I would like the lines below, from the one with "Excellent bit acceptance" through the one with "An easy-to-use specialized", copied exactly and without any pictures.

[[ SUPPLIED RECORDS, beginning ]]

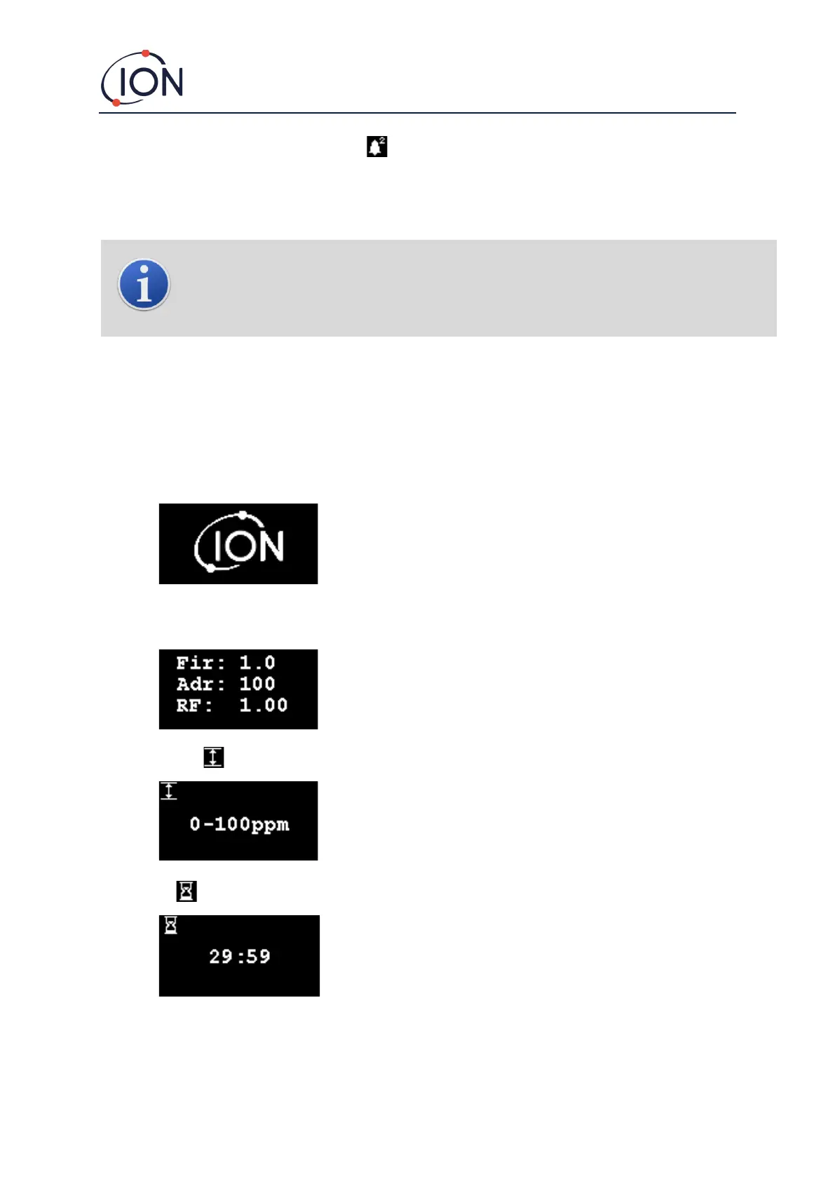 Info screen 1 then appears for 3 seconds. It displays the following:
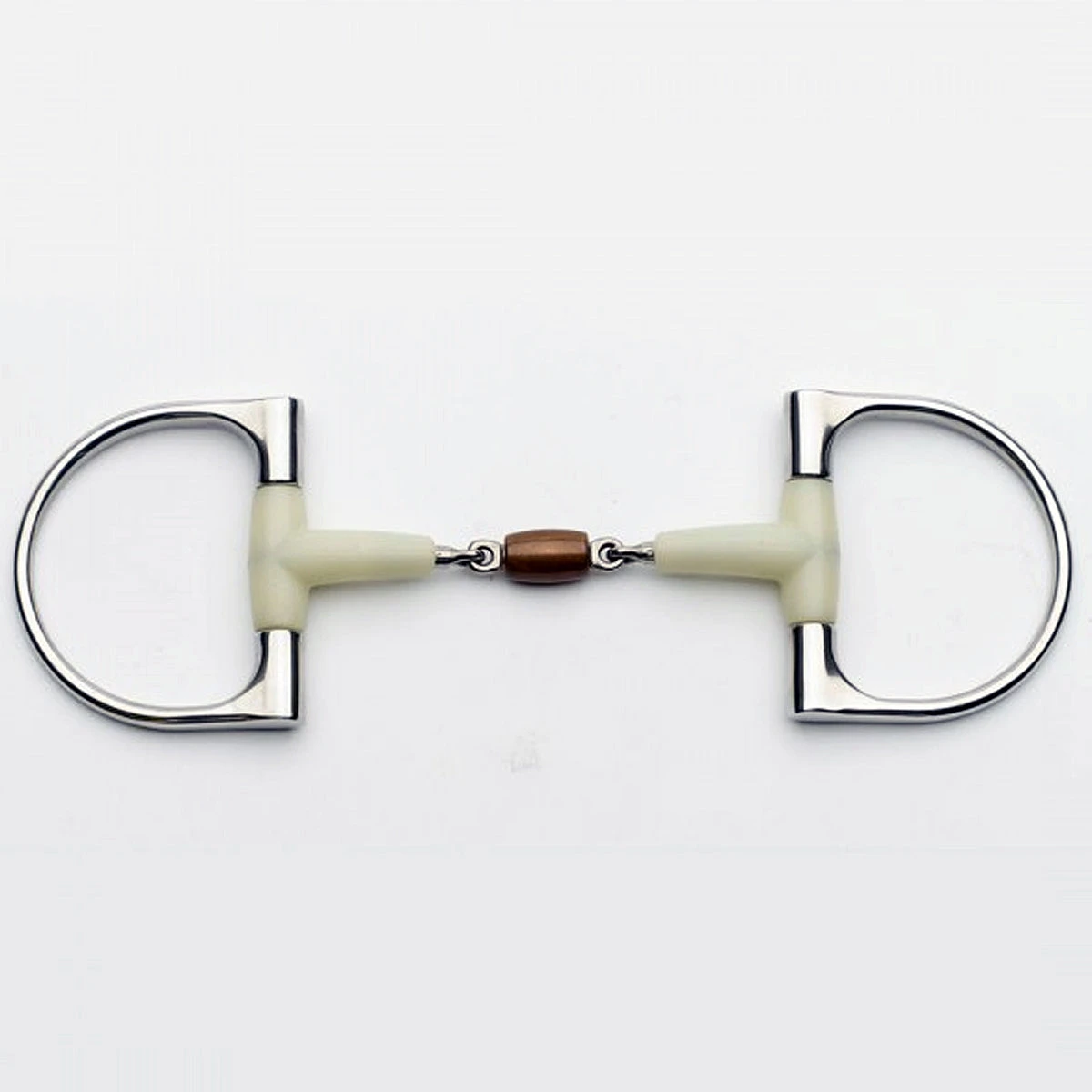 Excellent bit acceptance can be achieved by this combination of Apple scented space age polymer mouthpiece and pure copper center roller. Pure copper is a soft, warm metal. By using 99.9% pure copper in the center of the mouthpiece, bit acceptance is improved. The taste of copper encourages horses to salivate and keep a moist mouth. The curved-shaped mouthpiece better fits the contours of the horse’s mouth.
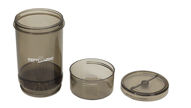 An easy-to-use specialized shaker that ensures efficient, uniform coverage of calcium powder on live food, minimizing waste. An essential tool for reptile care.
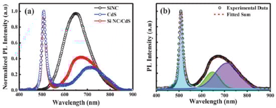 Figure 11a shows the normalized PL spectra of the bSi, a control CdS thin film and the CdS/bSi heterojunction excited at the wavelength of 325 nm []. The PL spectrum of the bSi exhibited a broad band with a maxima around 644 nm assigned to the quantum confinement of the charge carriers present in Si nanocrystals formed on the porous surface area of the bSi nanocones [,,,]. The control CdS thin film showed a sharp peak around 512 nm assigned to the near band edge (NBE) emission from CdS [,] and the broad band with maxima at 714 nm, which is assigned to the transition of trapped electrons from Cd vacancies to the CdS valence band [,,]. The emission spectra from the CdS/bSi nanocones heterojunction comprises of bands from both Si nanocones and CdS thin film. The deconvoluted PL spectrum of the CdS/bSi heterojunction shows three peaks with maxima at 512, 644 and 714 nm as shown in Figure 11b, which are in agreement with the peak positions of the individual peaks obtained from the PL spectra of Si nanocones and CdS films depicted in Figure 11a.
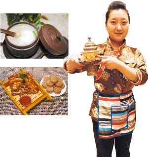 藏式蕨麻猪安多香巴拉饭店的服务员端上美味酥油茶(右)
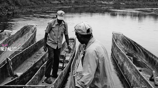 泛舟观鸟是行程之一。浓雾在太阳的加热下开始变薄。在我看来今天是个绝好的观鸟天气。太阳已经离丛林的树梢很高了,而来不及蒸发的薄薄轻雾,给河边的丛林披上了一层神秘的面纱,不时有各种各样的鸟儿以不同但优美的姿态从纱中飞出,间或还施舍给我们几声清脆的鸣叫,整个奇旺像个裹着纱丽的清丽少女,一边妩媚的展示着自己的风姿,一边变着法儿的逗你,让你陶醉的同时又有几分心灵的弦动。
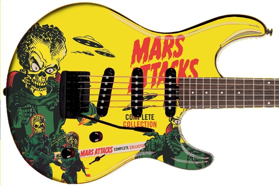 Guitar Skin Axe Wrap Reskin Bass Reface Electric Art Cover DIY Mars Attacks 1727
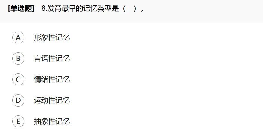 记忆主要有再认和回忆两种形式。按照记忆的内容,可以把记忆分为运动性记忆、情绪性记忆、形象性记忆和言语性记忆4种类型,在个体发生上它们都按一定的时间顺序出现。运动性记忆出现最早,约在生后第一个月,其次是情绪性记忆,开始于前6个月或更早些。形象性记忆出现稍早于言语性记忆,显著迟于运动性记忆和情绪性记忆。言语性记忆出现在生后第二年。
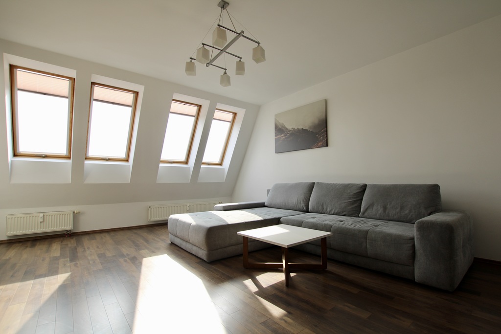 Na pierwszym poziomie znajduje się duży, jasny salon połączony z nowoczesną kuchnią i jadalnią, a także jedna z dwóch łazienek. Mieszkanie jest w pełni umeblowane i gotowe do zamieszkania. Wysoki standard wykończenia zapewnia komfort i wygodę przyszłym właścicielom.

[[ SUPPLIED RECORDS, end ]]

- **ANSWER SPACE**
 Excellent bit acceptance can be achieved by this combination of Apple scented space age polymer mouthpiece and pure copper center roller. Pure copper is a soft, warm metal. By using 99.9% pure copper in the center of the mouthpiece, bit acceptance is improved. The taste of copper encourages horses to salivate and keep a moist mouth. The curved-shaped mouthpiece better fits the contours of the horse’s mouth.
 An easy-to-use specialized shaker that ensures efficient, uniform coverage of calcium powder on live food, minimizing waste. An essential tool for reptile care.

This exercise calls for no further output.